4. The exclusion of an LLC from the Unified State Register of Legal Entities in an administrative manner does not mean that the organization has been liquidated - interested parties have the right to challenge the actions of the authorized body. The judicial act adopted in the case is the appropriate basis for amending the Unified State Register of Legal Entities.

Comments:

1. Considering the issue of a deal concluded after a period of suspicion, and establishing the fact of vicious will. The court of appeal took into account the gratuitous nature of the donation agreement concluded in November 2011 and, as a result, the need to establish the depravity of the will only on the part of the donor. At the same time, the debtor confirmed that he had not actually lost control over the activities of the LLC, which was not disputed by the parties to the dispute. Therefore, the court came to the conclusion that the transaction was formally executed, since the share in the LLC did not leave the debtor's possession.
2. Establishing the presence of intent to harm the property interests of creditors, as well as to withdraw property - in relation to the subsequent donation of a share in an LLC. The court proceeded from the existence of a debt confirmed by a court decision (April 2018) to the creditor as of the date of conclusion of the donation agreement (August 2018). In addition, the debtor referred to the fact of the conclusion of an assignment agreement in respect of the collected debt between the creditor and the donee, while the procedural succession was denied and it was the fact of the existence of the specified assignment agreement that allowed the debtor to refer to the absence of claims and, as a consequence, the need to exclude this creditor from the register of debtor's claims . Taken together, these circumstances allowed the court to conclude that the transfer of a share drawn up by a donation agreement is free of charge, since it does not confirm the circumstances of the repayment of the debt to the debtor's creditor, confirmed by a court decision.

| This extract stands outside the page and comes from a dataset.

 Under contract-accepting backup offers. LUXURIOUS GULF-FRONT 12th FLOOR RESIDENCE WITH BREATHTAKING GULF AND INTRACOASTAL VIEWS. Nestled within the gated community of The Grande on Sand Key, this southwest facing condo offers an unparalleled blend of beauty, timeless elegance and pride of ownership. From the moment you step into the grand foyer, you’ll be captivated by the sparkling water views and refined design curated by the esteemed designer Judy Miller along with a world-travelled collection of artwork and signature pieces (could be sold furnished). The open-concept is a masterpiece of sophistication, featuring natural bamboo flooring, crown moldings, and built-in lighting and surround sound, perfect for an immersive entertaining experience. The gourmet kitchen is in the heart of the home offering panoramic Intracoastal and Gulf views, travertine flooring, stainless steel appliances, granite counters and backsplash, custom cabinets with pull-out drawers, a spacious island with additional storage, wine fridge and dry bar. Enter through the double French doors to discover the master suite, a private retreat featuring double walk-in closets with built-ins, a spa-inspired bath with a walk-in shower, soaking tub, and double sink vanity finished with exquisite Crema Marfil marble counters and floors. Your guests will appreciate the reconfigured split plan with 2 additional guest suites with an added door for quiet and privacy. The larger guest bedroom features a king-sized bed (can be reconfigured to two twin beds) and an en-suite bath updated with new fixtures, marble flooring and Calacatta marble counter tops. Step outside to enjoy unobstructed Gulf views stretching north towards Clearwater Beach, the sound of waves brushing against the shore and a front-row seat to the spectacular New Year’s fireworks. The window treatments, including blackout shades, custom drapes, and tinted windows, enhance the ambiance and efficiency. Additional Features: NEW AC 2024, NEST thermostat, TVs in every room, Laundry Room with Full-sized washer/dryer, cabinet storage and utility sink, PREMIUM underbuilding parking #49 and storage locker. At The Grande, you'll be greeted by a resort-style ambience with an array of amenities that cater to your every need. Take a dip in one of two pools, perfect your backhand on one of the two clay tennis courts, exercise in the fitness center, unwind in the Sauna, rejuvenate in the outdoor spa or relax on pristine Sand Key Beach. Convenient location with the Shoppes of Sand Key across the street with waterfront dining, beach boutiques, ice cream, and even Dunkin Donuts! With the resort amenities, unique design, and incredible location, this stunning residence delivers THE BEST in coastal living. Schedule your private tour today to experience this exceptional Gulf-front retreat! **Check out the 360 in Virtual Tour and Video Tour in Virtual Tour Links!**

3. The original donation agreement was concluded in November 2011, respectively, outside the limitation period. The debtor's creditor stated that this period was missed, however, the court rejected this argument with reference to Part 2 of Article 199 of the Civil Code of the Russian Federation, considering the creditor to be an improper person who is not a party to the transaction and, accordingly, not entitled to declare that the limitation period has been missed. Separately, the court noted the inconsistency of the actions of the creditor, as it initially supported the position of the financial manager, and later began to take a different position.